● Stored data:
----------------------------------------
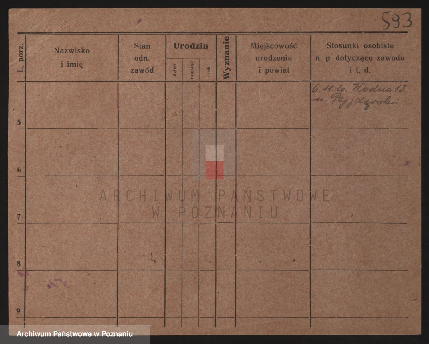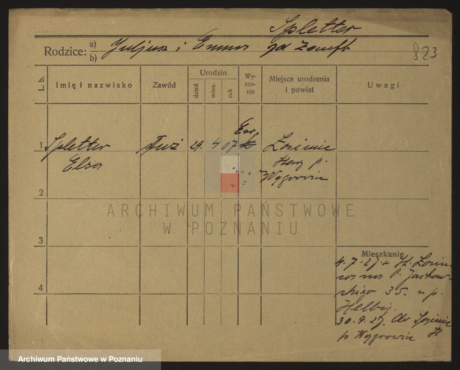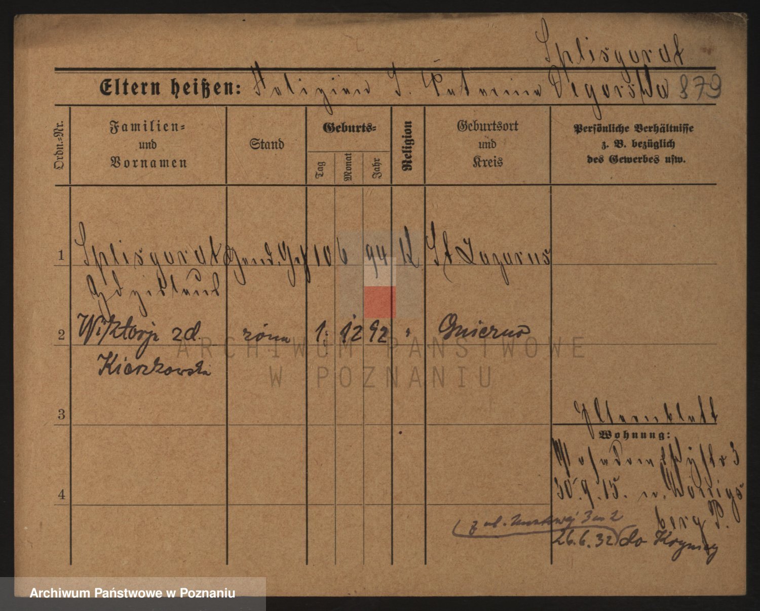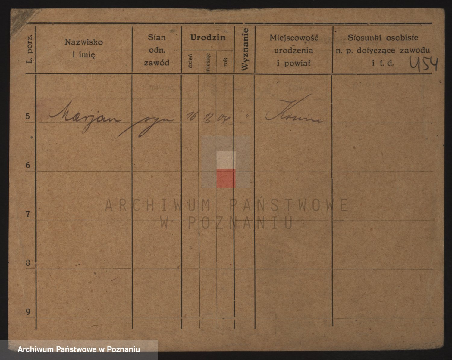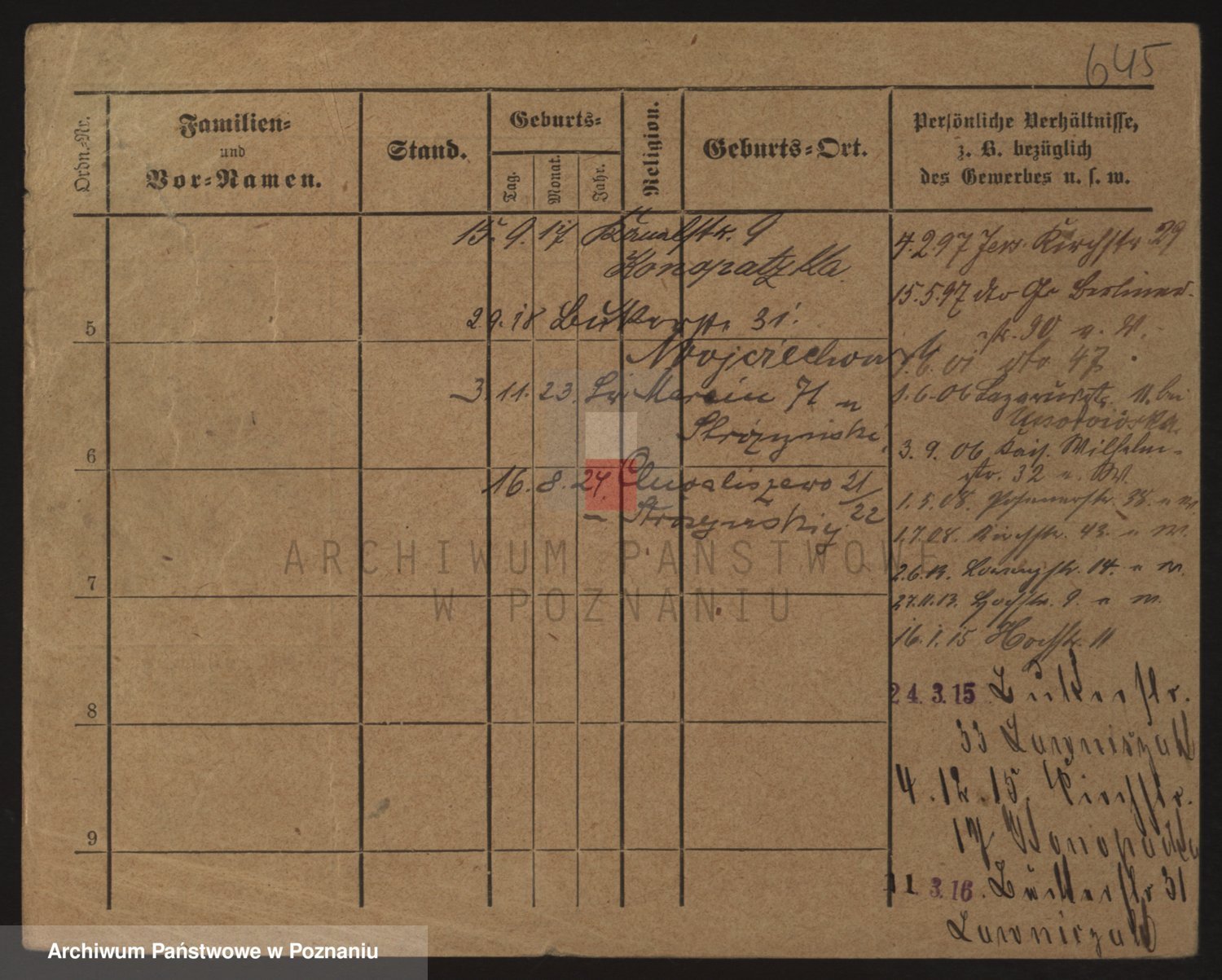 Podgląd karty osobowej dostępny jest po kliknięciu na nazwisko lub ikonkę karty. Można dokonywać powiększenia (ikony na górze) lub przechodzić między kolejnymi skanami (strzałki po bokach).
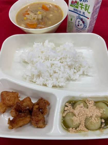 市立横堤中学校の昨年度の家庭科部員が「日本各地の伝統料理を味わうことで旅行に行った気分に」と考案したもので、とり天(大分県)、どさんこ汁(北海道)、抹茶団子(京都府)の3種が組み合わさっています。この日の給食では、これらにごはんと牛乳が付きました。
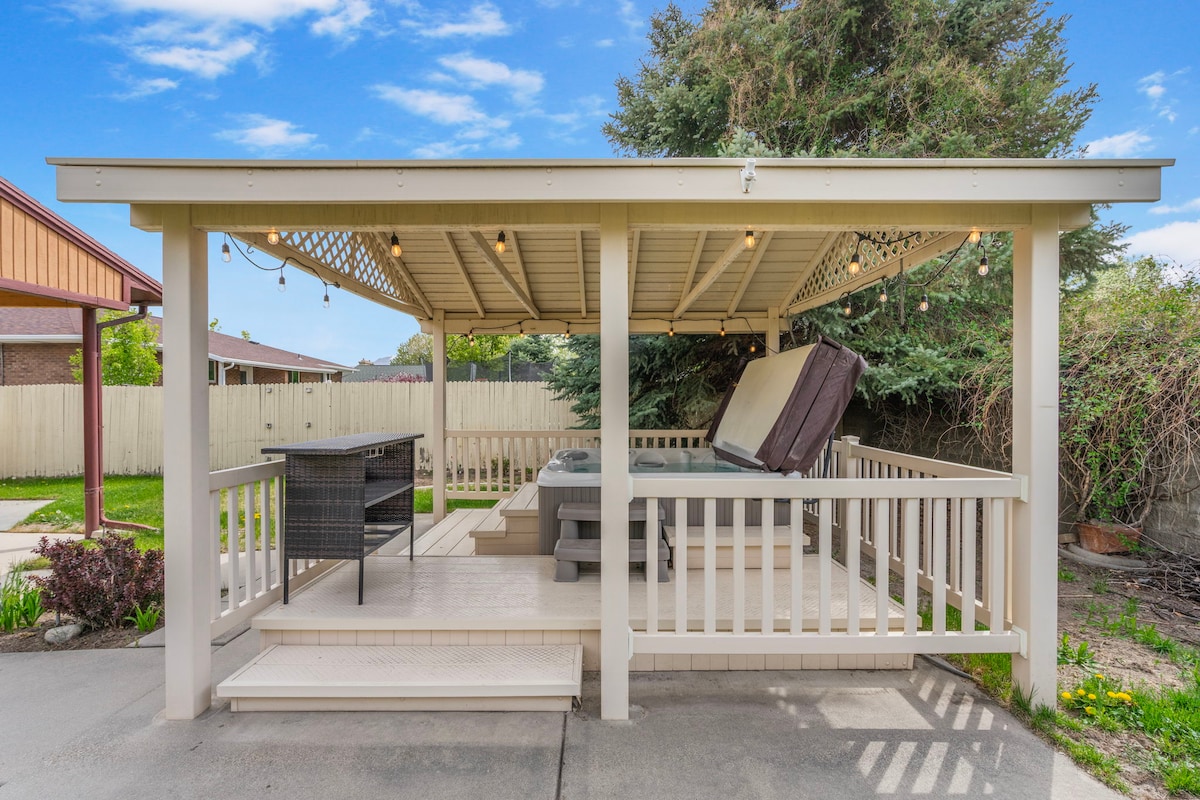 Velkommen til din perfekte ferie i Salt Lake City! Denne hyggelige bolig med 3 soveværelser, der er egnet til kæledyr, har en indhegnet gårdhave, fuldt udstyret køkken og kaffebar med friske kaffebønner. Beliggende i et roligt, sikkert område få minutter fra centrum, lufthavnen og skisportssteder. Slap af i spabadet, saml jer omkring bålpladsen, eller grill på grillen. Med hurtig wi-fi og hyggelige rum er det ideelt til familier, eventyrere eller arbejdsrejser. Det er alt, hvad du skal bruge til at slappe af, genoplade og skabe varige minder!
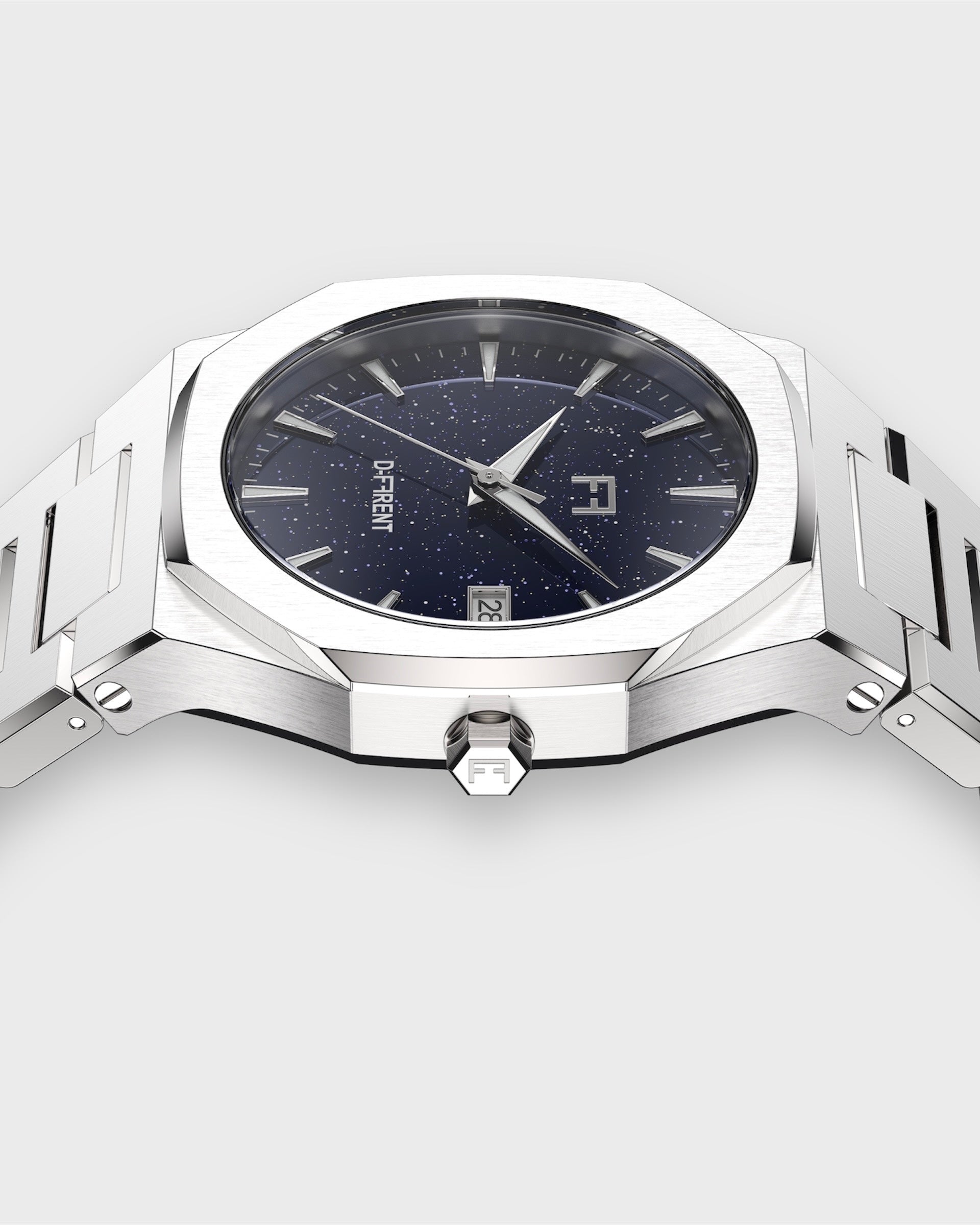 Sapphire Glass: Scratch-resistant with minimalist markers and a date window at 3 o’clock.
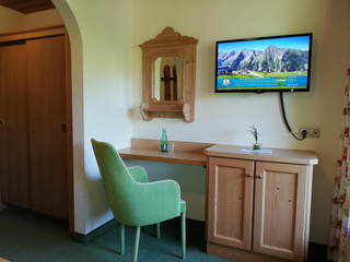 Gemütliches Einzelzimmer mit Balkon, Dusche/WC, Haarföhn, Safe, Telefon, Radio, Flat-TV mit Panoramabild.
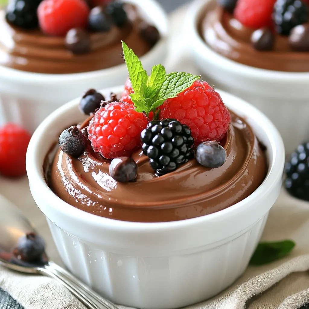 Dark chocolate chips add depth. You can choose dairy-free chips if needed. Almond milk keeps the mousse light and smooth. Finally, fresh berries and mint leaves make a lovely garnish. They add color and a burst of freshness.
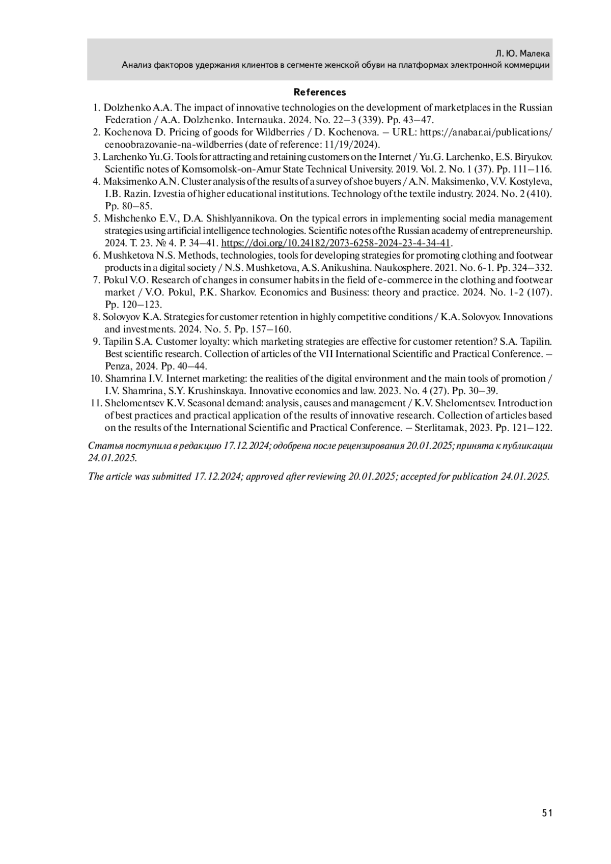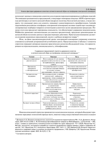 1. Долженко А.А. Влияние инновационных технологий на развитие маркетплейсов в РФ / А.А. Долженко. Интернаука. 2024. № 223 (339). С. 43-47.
----------------------------------------
● Exercise: Excluding every picture, set down the listing exactly.

● Exercise response:
 Podgląd karty osobowej dostępny jest po kliknięciu na nazwisko lub ikonkę karty. Można dokonywać powiększenia (ikony na górze) lub przechodzić między kolejnymi skanami (strzałki po bokach).
 市立横堤中学校の昨年度の家庭科部員が「日本各地の伝統料理を味わうことで旅行に行った気分に」と考案したもので、とり天(大分県)、どさんこ汁(北海道)、抹茶団子(京都府)の3種が組み合わさっています。この日の給食では、これらにごはんと牛乳が付きました。
 Velkommen til din perfekte ferie i Salt Lake City! Denne hyggelige bolig med 3 soveværelser, der er egnet til kæledyr, har en indhegnet gårdhave, fuldt udstyret køkken og kaffebar med friske kaffebønner. Beliggende i et roligt, sikkert område få minutter fra centrum, lufthavnen og skisportssteder. Slap af i spabadet, saml jer omkring bålpladsen, eller grill på grillen. Med hurtig wi-fi og hyggelige rum er det ideelt til familier, eventyrere eller arbejdsrejser. Det er alt, hvad du skal bruge til at slappe af, genoplade og skabe varige minder!
 Sapphire Glass: Scratch-resistant with minimalist markers and a date window at 3 o’clock.
 Gemütliches Einzelzimmer mit Balkon, Dusche/WC, Haarföhn, Safe, Telefon, Radio, Flat-TV mit Panoramabild.
 Dark chocolate chips add depth. You can choose dairy-free chips if needed. Almond milk keeps the mousse light and smooth. Finally, fresh berries and mint leaves make a lovely garnish. They add color and a burst of freshness.
 1. Долженко А.А. Влияние инновационных технологий на развитие маркетплейсов в РФ / А.А. Долженко. Интернаука. 2024. № 223 (339). С. 43-47.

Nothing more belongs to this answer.